When he sits at the Piano and sings the opening cantata from ‘Revealing Science of God’, you get the feeling that the harmonic relationship his voice has to the chords is only arbitrary and could be sung over any environment – which I’m sure is not true, musically speaking – and so he goes on to play the most bizarre inversions on piano while singing the bits he sang on the record, pretty much like the record.
The chords on half the song are not the chords played by the band so even when he sings the melody, just like on the album, the harmonic structure drifts into uncharted-weirdo terrain. If you didn’t have his voice and recognise the melody, you’d think it was a mad person babbling Yes phrases.
Which brings me to the strangeness of hearing the vocalist singing the melody without the band. Not to boast, but I’ve been listening to yes since I was a teen and I am an old fart now, I can tell you that their music is burned into my brain. So he would strum the guitar and sing over it, and I could hear the rest of the band in my head. It’s such a weird experience. In some ways, it’s very sad that it has come to this. He can still do it; but the band’s moved on without him, so he’s wandering the world like a minstrel, spreading peace, love and mung beans.

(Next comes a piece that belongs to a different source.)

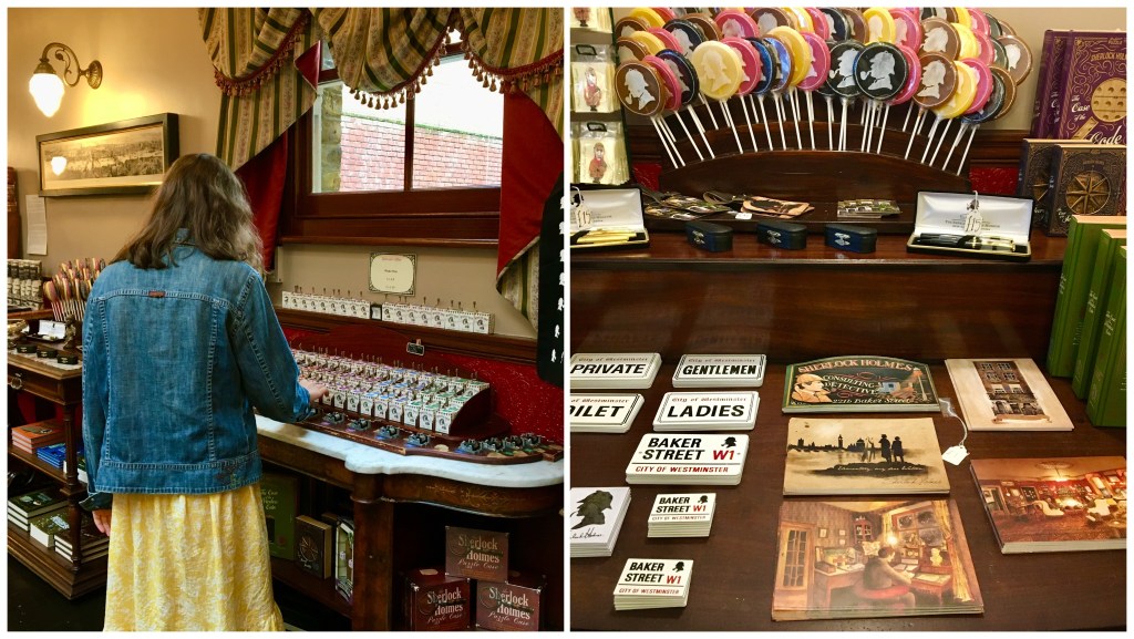 O museu do Sherlock Holmes fica no famoso endereço 221B Baker Street, London. O prédio é bem pequeno e retrata com autenticidade os detalhes da época do brilhante detetive. Há réplicas dos cômodos e vários itens de decoração em referência aos contos de Sir Arthur Conan Doyle. No térreo, está a loja de presentes com decoração impecável. Se você é grande fã ou admirador da história, acho que vale a visita, valeu pra mim!

I’m pretty sure many of the early Yes songs originated from Jon Anderson strumming his acoustic guitar. These renditions sound very lived-in quite apart from the established versions we know so well. You can just imagine Jon Anderson marching in with these songs and the band being taken aback by the sheer primal rawness. Jon Anderson might think all that happened between his writing and Yes recording was dash of arranging, but in fact the distance between the versions is mind-warpingly immense.
The chords are so simple while Anderson sings these intricate melodies and you come to realise that he’s somehow plugged into the musical world in a primal way. That’s why the music just comes to him in this raw state. The apparent absence of finesse is off-set by the stripped back beauty of the songs. These humungous Yes songs actually have at heart these strummy little songs – if you want it to.
All night long, I kept thinking that the man was like somebody channelling music, more than building a performance. In that sense he is like a shaman of music; that is what he has made himself into.
Scales Of Economy
Maybe, I thought, this is one way for musicians to be in the future. Jon Anderson could have put together a ‘Jon Anderson band’ to replace Yes and tour with it, but he hasn’t. Of course, the financial risks are greater in doing so and perhaps not as rewarding. Traveling with a couple of guitars and a ukulele, while hiring the backline electric piano as he goes is probably lower risk and higher reward. It’s not that he’s regressed to an acoustic set up so much as progressed into a new method of traveling further with his music.
And as it was last year, the Yes audience is grey, old, fat and saggy. Newer fans are scant and far between. He can go further around the world to meet more and more fans who haven’t been able to see him live in the heyday. It makes some kind of sense.